Marie-Joseph Mario, 21 ans. Après avoir perdu la vue dans un accident de voiture où ont péri ses parents et ses frères et sœurs, il est pris en charge par une tante qui lui permet de faire sa scolarité à l’Institut national des Jeunes aveugles. Ses dons le poussent à entreprendre des études musicales. Il Prépare le concours d’entrée au Conservatoire de musique et a également entrepris un apprentissage au métier d’accordeur facteur de piano

Octave Nadia, 26 ans, Physicienne médicale en radiothérapie. Malgré les obstacles matériels dus à une origine très modeste, elle entreprend une formation hyper sélective en physique radiologique, pour la manipulation des équipements d’irradiation en milieu hospitalier et dans les centres anticancéreux. Ses excellentes notes dans le peloton de tête de sa promotion, lui permettent de décrocher un stage au Canada, dans le centre régional de cancérologie de Toronto. Après un DEA de physique en Rayonnements et imagerie médicale, elle a passé son diplôme de qualification en Physique radiologique et médicale auprès de l’Institut national des Sciences et techniques nucléaires de Saclay.



Sandot Audrey, 24 ans, Ingénieur du contrôle de la navigation aérienne, diplômée de l’Ecole nationale de l’Aviation civile de Toulouse. Fait actuellement ses stages de qualification à Reims, pour l’exercice du contrôle sans surveillance.

Verdol Frédéric, 29 ans, Ingénieur-Chercheur à EDF, spécialiste de systèmes énergétiques et de gestion de l’environnement. Mastère de l’Ecole des Mines de Paris. Tout en travaillant à mi-temps, il compte présenter en février 2006 l'entrée à Sciences-Po Paris pour entreprendre une formation en management et en relations internationales, afin d’orienter ses compétences vers l’expertise internationale pour des institutions comme la Banque mondiale ou l’Agence internationale de l’Energie. Membre bénévole de l’Association Electriciens sans frontières, il participe également à une mission financée par le Ministère français des Affaires étrangères sur la maîtrise de la demande d’énergie dans la bande de Gaza en Palestine, dans le cadre de la réhabilitation du réseau électrique d’un camp de réfugiés.

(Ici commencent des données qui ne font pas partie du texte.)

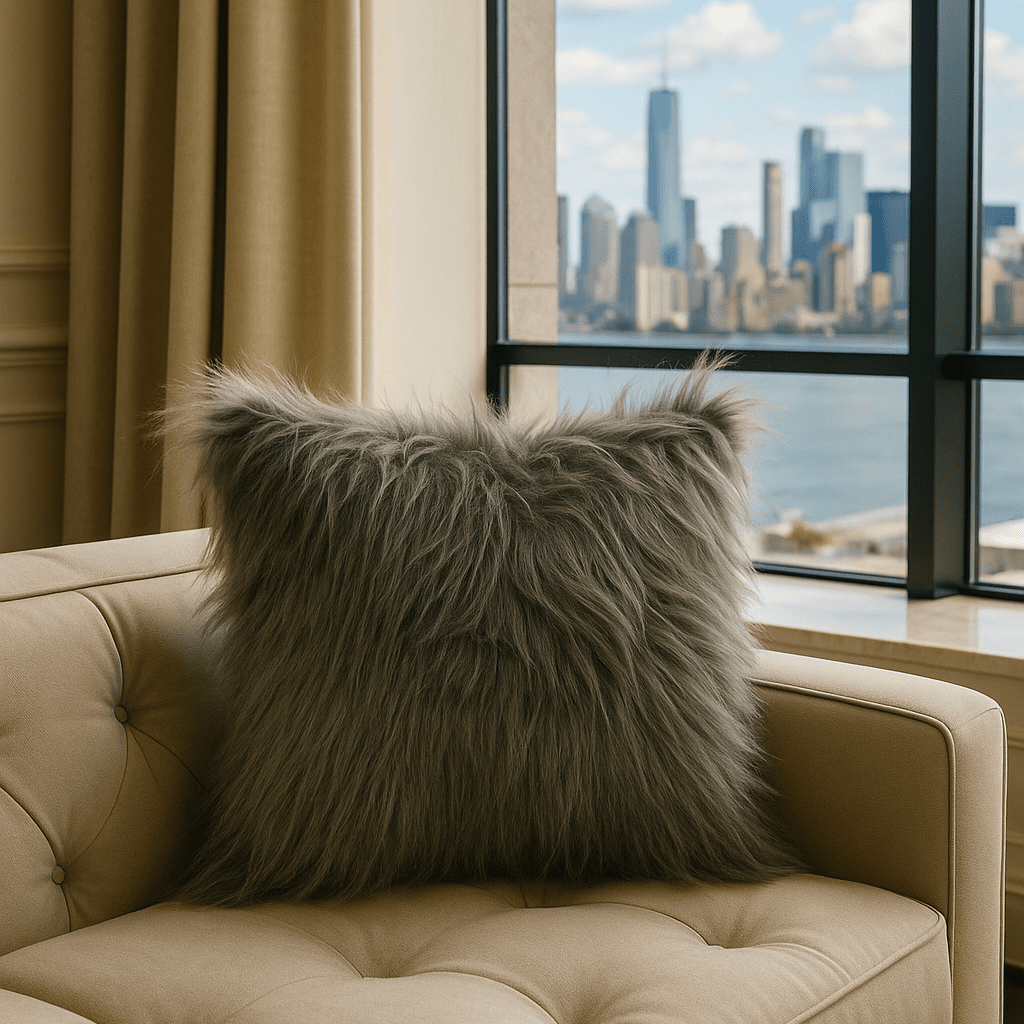 Add warmth and texture to your space with the Graphite Glow cushion cover. Designed for those who love modern elegance, this soft faux fur cover in a sophisticated gray hue creates a cozy yet refined aesthetic. Its plush feel and timeless color make it a versatile addition to any setting, from contemporary living rooms to stylish bedrooms. Pair it with neutral tones for a minimalist look or layer with bold accents for a striking contrast. Perfect for creating a snug and inviting atmosphere in your home.

Cette Opération des Talents de l’Outre mer a permis de constater que certains jeunes domiens n’hésitent pas à investir des filières innovantes ou réputées difficiles. HEC, ESSEC (6 candidats), Ecoles supérieures de commerce, mais aussi Ecole des Mines, physiciens de haut niveau, ingénieurs, diplômés de l’aéronautique (2 filles ingénieurs du contrôle aérien diplômées de l’ENAC de Toulouse). Les candidatures issues de disciplines techniques et scientifiques sont en effet plus nombreuses que celles de filières classiques (droit, socio, psycho, éducation physique) ou culturelles (arts graphiques, cinéma, arts, théâtre, musique). Deux jeunes filles issues de l’Ecole du Louvres ont fait acte de candidature, dont l’une particulièrement remarquable qui s’est distinguée dans la programmation d’expositions pour de prestigieux musées (Paris, Suède, USA).

Concernant les disciplines manuelles, l’attention du jury a été retenue par le cas de deux jeunes qui, ayant été obligé d’interrompre leur scolarité pour travailler, ont repris des études pour arriver à un haut niveau de technicité grâce à des formations qualifiantes.

A noter enfin que loin de se laisser décourager par un premier échec en prépa, médecine ou pharmacie, dû aux difficultés d’adaptation de leur première année d’étudiant en France, certains de ces brillants lauréats se sont réorientés avec succès vers d’autres filières de pointe.

Quant au jury, il était constitué de 7 membres dont le Président du Casodom ainsi que des professeurs d’université, des chefs d’entreprises, le président d’une école supérieure d’informatique et un médecin.